Gay Smith is a studio potter single firing porcelain ware in a soda kiln near Penland, NC. She held artist-in-residencies at the Archie Bray Foundation in Helena, Montana and at Penland School in Penland, NC. Her teaching credits include workshops at Haystack Mountain School of Crafts, Penland School, the Harvard Ceramics Studio, and the Findhorn Foundation in Northern Scotland. Her work is represented internationally, and can be viewed in publications including Making Marks and Functional Pottery by Robin Hopper, and Working with Clay by Susan Peterson. Most recently, she was selected as a recipient of a North Carolina Arts Council Visual Artist Fellowship award for 2006-7.

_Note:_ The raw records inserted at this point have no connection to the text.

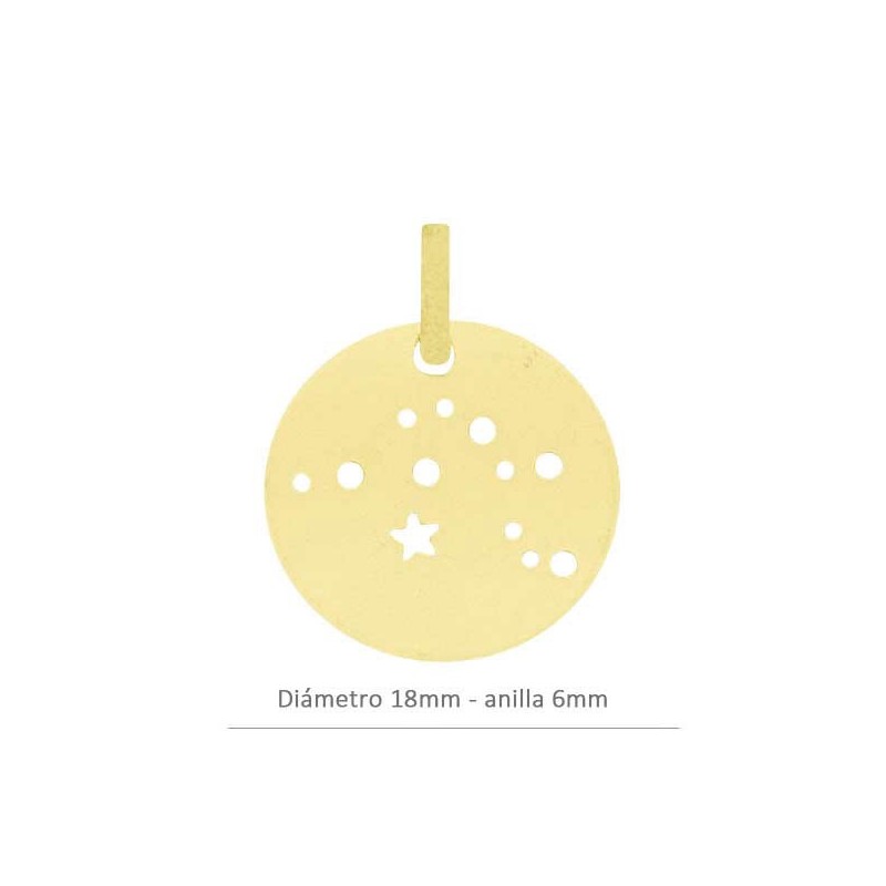 Colgante constelación horóscopo Acuario redondo en plata de ley 925 bañada en oro de 18k. Fabricado en España.
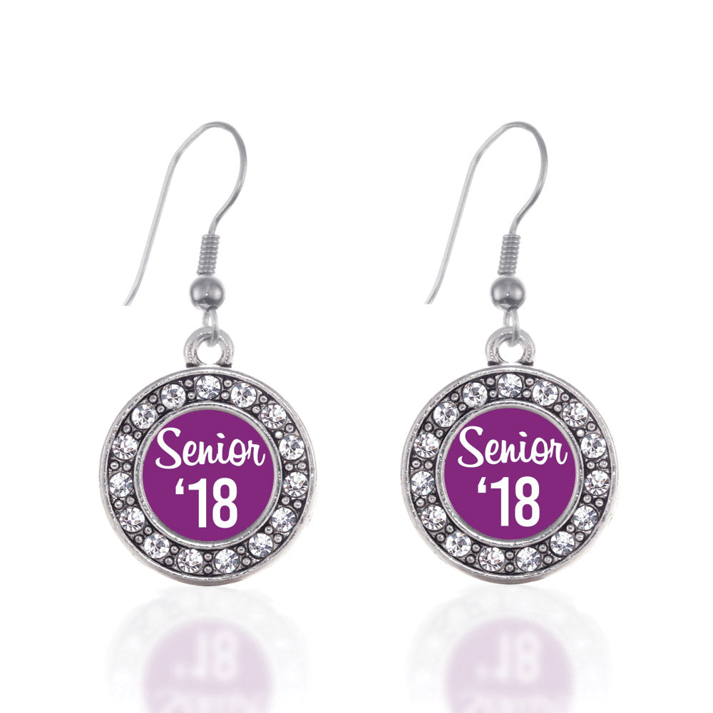 Silver Purple Senior '18 Circle Charm Dangle Earrings
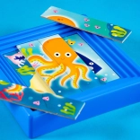 Discover a fun set for the little ones: CAROTINA Baby progressive children's puzzles with 8 puzzle sets of increasing difficulty. Thanks to the special base, both assembling and storing pieces is easy, and the large, durable cardboard pieces are safe for children from 1 year. The underwater world theme develops fine motor skills, logical thinking, and visual perception.
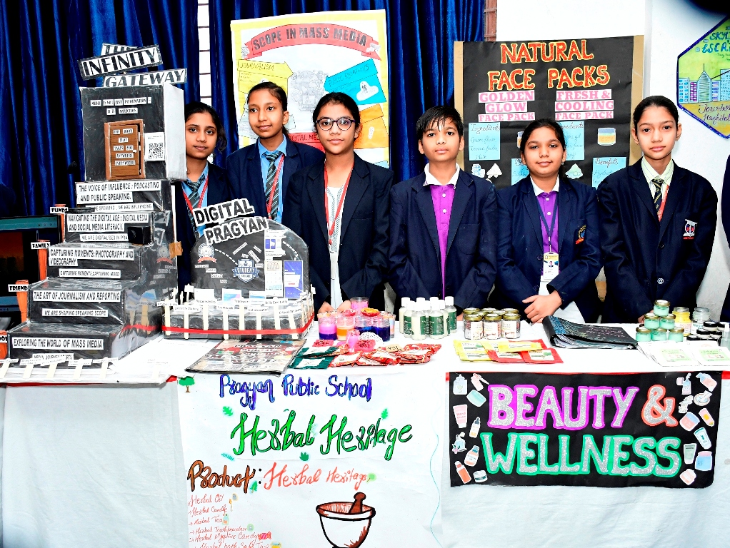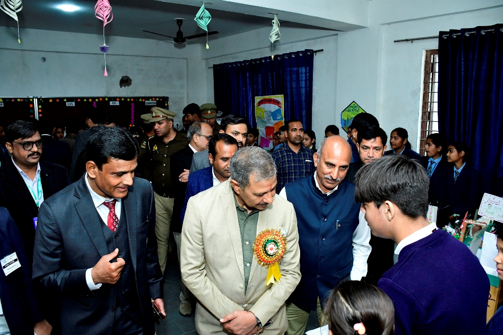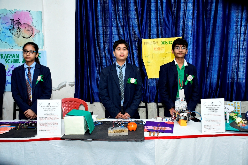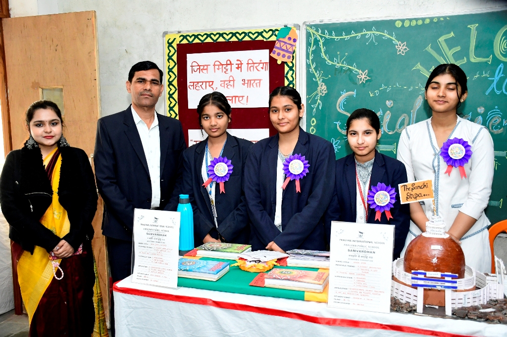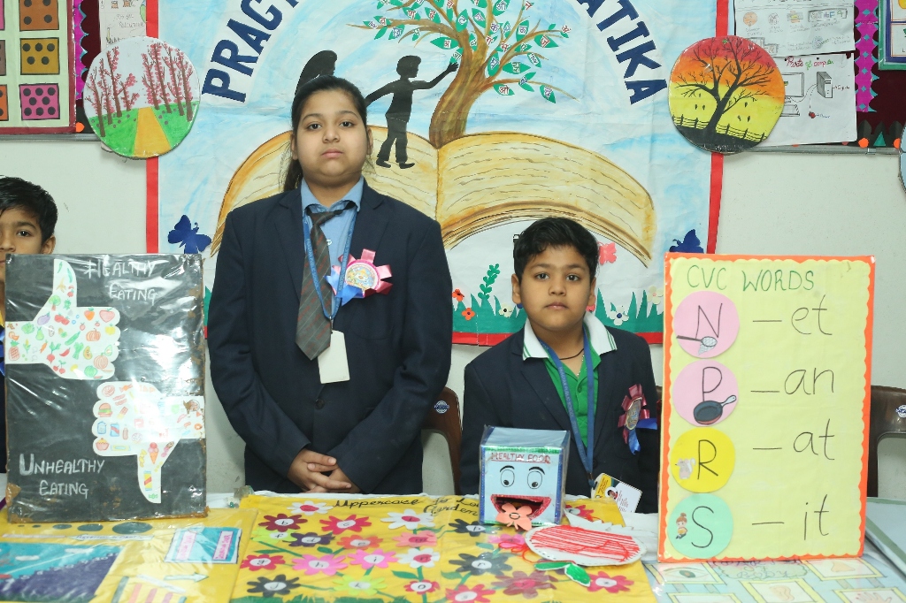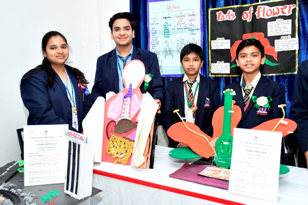 Description : The Annual Day celebration witnessed an engaging Interdisciplinary Exhibition that beautifully highlighted the creativity, knowledge, and practical learning of students across all subjects. The exhibition area was thoughtfully arranged with vibrant displays representing Science, Mathematics, Social Science, English, Hindi, Computer Science, Art, and Skill Education, offering visitors a holistic glimpse into the school’s academic excellence. Students enthusiastically presented working models, charts, research projects, innovative experiments, literary displays, and creative artworks. Each exhibit reflected conceptual clarity, teamwork, and real-world application of classroom learning. The esteemed dignitaries, guests, and parents visited the exhibition and keenly observed the exhibits. They interacted with students, appreciated their confidence and subject knowledge, and commended the school for fostering experiential learning.
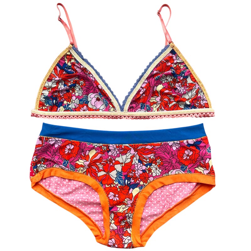 Ensemble aux assemblages de matières et couleurs (40% coton, 30% élasthane et 30% viscose) dont la culotte ne présente pas d’élastique, aussi bien au niveau de la taille qu’au niveau des cuisses et le soutien gorge triangle s’adapte à chaque poitrine grâce à l’élasticité du tissu. Agréable au toucher et confortable à porter.

Working for nearly 30 years as a potter seems to develop qualities which I believe are of benefit: caring attention, commitment, honesty, courage, passion, hard work, love of beauty, and a willingness to get one’s hands dirty.
 
My work embodies a liveliness and spontaneity reflective of processes by which it is made: altering the form and surface of freshly thrown clay and firing in an atmospheric kiln where flame path decorates the surfaces.
 
 
The Soda Chicks & Chet
2008 Visiting Artist, Nick Joerling
 
 
 
I make pots as much from a drawing sensibility as a pottery one. Daydreaming with a pencil. Not drawing as rendering but simply doodling, then working hard to get that drawing to work as a functioning pot. Profile line is a strong attraction, a strong dictate, as are the smaller spaces within spaces. And of course that sense of animation. My pot reference is most often you and I, our bodies. It's where my cues come from: dance, people seated on a park bench, the cleavage that forms on the inside of a bent elbow. But I want to stay in the pot's world-- too literal and the pots seem deflated. In my studio what I hope for are pots that have qualities of sensuality, compassion, humor and risk.
 
2008 Visiting Artist, Lisa Bruns
 
Lisa received a BFA from Jacksonville University in 1982. She promptly accepted a job tending bar in Atlanta. After many years of bending over backwards to please customers her back went out. A few years of physical therapy and rehabilitation followed. Then it was time to reinvent herself. Lisa returned to a life-long love of working with her hands. For the past 12 years Lisa has been a studio artist working in figurative clay and jewelry in Folly Beach, South Carolina. She recently moved to Penland, North Carolina and is enjoying the change of view, savoring a new daily source of inspiration in the local flora, fauna and flavor of the mountain lifestyle.